金鈴隨著他的動作清脆作響,在寂靜的宴席上格外清晰。溫暖本能地環住他的脖頸,臉頰貼在他胸前,聽著他沉穩的心跳聲,竟安心地閉上了眼。
"陛下!"禮部尚書慌忙起身,"這宮宴還未結束——"
蕭臨淵一個眼神掃過去,老尚書立刻噤聲。
"朕的貴妃醉了。"他的聲音不大,卻讓整個大殿瞬間安靜,"諸位盡興。"
說罷,他抱著溫暖大步離去,玄色龍袍與茜色裙擺在夜風中糾纏,宛如一幅濃墨重彩的畫。
身後,滿座王公貴族的臉色精彩紛呈——
太后面無表情的捏碎了手中的佛珠;
蘇玉瑤死死咬著唇,眼中情緒複雜;
而那些曾以為溫暖不過是帝王玩物的大臣們,此刻終於明白——
而是他此刻展露的,致命的溫柔。
溫明遠坐在距離龍椅僅三丈之遙的席位上,掌心滲出冷汗。
——這是溫家從未有過的殊榮。
——也是他從未想過的煎熬。
作為新晉貴妃的生父,他們一家被安置在宗室親王的下首,連向來眼高於頂的禮部尚書都頻頻向他敬酒。
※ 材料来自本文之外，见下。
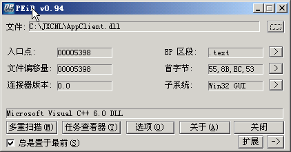 6、从磁盘载入资源段mackt区段,不重建PE。 最后测试:文件字节=205K,编程语言=Microsoft Visual C++ 6.0 DLL。
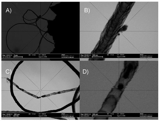 The results of STEM analysis shown in Figure 6A–D corroborate the picture emerging from the SEM observations and reveal that the filaments present in the sample S_GA_Fe are featured by a bamboo-like structure peculiar to N-doped carbon nanotubes (N-CNTs). A few nanoparticles (~20–30 nm in diameter) are entrapped within the nanotubes. Since XRPD does not evidence any Bragg peaks related to iron metal phases (Figure 3B,C), if crystalline, their concentration should be below the detection limit of our synchrotron radiation diffraction measurements.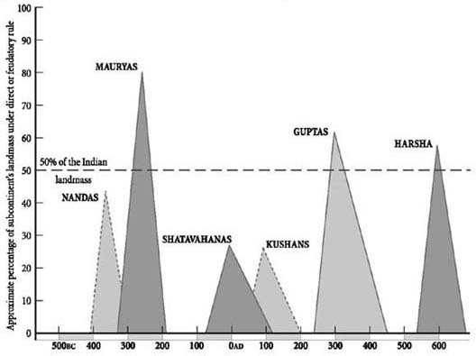 North India’s mighty river systems ordained much the most extensive of these well-watered zones of agricultural settlement; and though these zones were several, in the course of the first millennium BC they tended to become contiguous, thus creating a corridor of patchy cultivation and settlement from the north-west in what is now Pakistan to Bihar in the east. Here commercial exchange, cultural uniformity and political rivalry got off to an early start. The corridor became a broad swathe of competing states, cherishing similar ideals, revering common traditions and inviting claims of paramountcy. For empire-builders like the Mauryas, Guptas and Vardhanas, this was where the idea of Indian dominion began.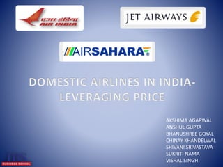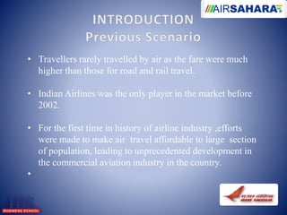 The document discusses the history and development of the airline industry in India. It describes how Indian Airlines was initially the sole player, but competition increased in the 1990s with the entry of Jet Airways and Air Sahara. All three airlines engaged in price wars in 2002 by cutting fares and introducing various promotional schemes to attract customers. This led to unprecedented growth in air travel accessibility for the Indian population.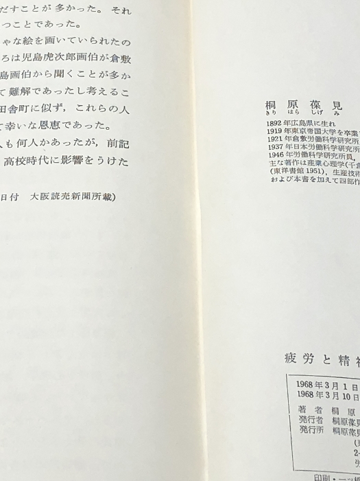 疲労と精神衛生 (1968年) 桐原葆見博士喜寿記念刊行会 桐原 葆見※イタミ有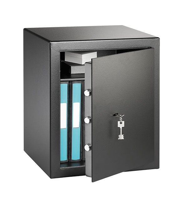 Die Konstruktion des Home-Safe ist doppelwandig. Also besonders widerstandsfähig gegenüber äußerer und gewaltsamer Einwirkung. Des Weiteren ist der Möbeleinsatztresor mit Feuerschutzmaterial nach DIN 4102-A1 und umlaufendem Feuerfalz ausgestattet. Der Innenraum mit Ordnertiefe und ein verstellbarer Fachboden sorgen für genügend Platz und ermöglichen eine organisierte Unterbringung. Das klassische und schlichte Design ist zeitlos und harmoniert mit fast jedem Möbelstück.

可此刻,溫明遠卻覺得這位置燙得嚇人——他的女兒正被那個血洗皇城的暴君抱在懷裡,茜色裙擺與玄色龍袍糾纏,腕間金鈴隨著帝王離去的步伐一聲聲敲在他心尖上。
"老爺……"張氏聲音發顫,精心保養的指甲掐進他手臂,"溫暖她……"
"噤聲!"溫明遠低喝,卻控制不住自己發抖的手指。
——那個在他記憶里總是安靜乖巧的長女,此刻正被帝王當眾抱離宴席。
——而滿朝文武,無一人敢置喙半句。
八歲的溫鈺卻興奮地晃著雙腿:"長姐是不是困了?陛下抱她回去睡覺呢!"孩童天真的話語引得鄰近幾位夫人掩袖輕笑,卻更襯得角落裡的溫婉面色慘白。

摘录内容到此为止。